3 de out de 2011

Refletindo sobre as musicas tocadas nos cultos evangélicos.


Por Renato Vargens
Há pouco participei de um culto onde o momento de louvor  com música foi uma pulação só. Depois de  mais de uma hora de muitos gritos, saltos e urros espirituais, o pastor embuido de uma espiritualidade opaca me avisou que o sermão não deveria passar de  30 minutos, isto porque, a hora havia passado e já estava tarde demais.

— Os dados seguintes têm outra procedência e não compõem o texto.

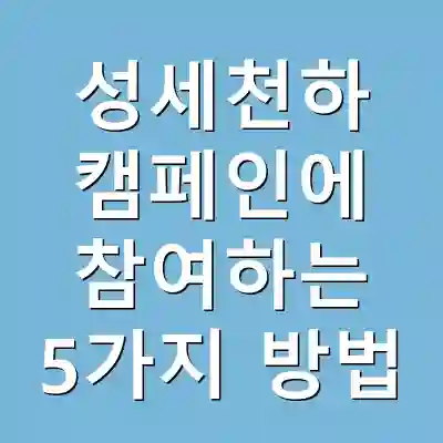 성세천하 캠페인에 참여하기 위한 5가지 방법은 캠페인 이해, 온라인 및 오프라인 참여, 홍보, 자원봉사 등이 있습니다. 각 방법을 통해 개인의 사회적 책임을 실천하고, 공동체에 긍정적 영향을 미칠 수 있습니다. 일상 속 작은 실천이 사회적 변화로 이어질 수 있음을 명심합시다.

Pois é, ultimamente tenho pensado nas canções cantadas em nossas igrejas. Aliás, vale a pena ressaltar que a esmagadora maioria dos denominados cultos evangélicos dedicam muito mais tempo a música do que qualquer outra coisa. Infelizmente os louvores cantados em nossas reuniões são extremamente antropocêntricos, o que nitidamente se percebe em nossos encontros congregacionais. Se fizermos uma análise de nossas liturgias chegaremos a conclusão que boa parte das canções que entoamos são feitas na primeira pessoa do singular, cujas letras prioritariamente reivindicam as bênçãos de Deus. Para piorar a situação, as músicas cantadas pelos denominados artistas gospel, nem o nome de Cristo mencionam mais. Veja por exemplo a canção "Tire os pés do chão" do ministério "Toque no Altar" que incentiva o crente a festejar, dançar e tirar os pés do chão.

Quem me viu dizia
Não poderá alcançar
Mas sou irresistível
Não vou mais parar
Este é um novo dia
A nova casa é maior
É tempo de alegria posso festejar
Por tudo o que vi, E o que virá.
Vou tirar os pés do chão, E festejar, festejar!!!
O impossível se rendeu. Eu posso dançar, dançar!!!
Diante das muralhas, Eu vou gritar.
Sobre os portões do inimigo, Vou saltar... 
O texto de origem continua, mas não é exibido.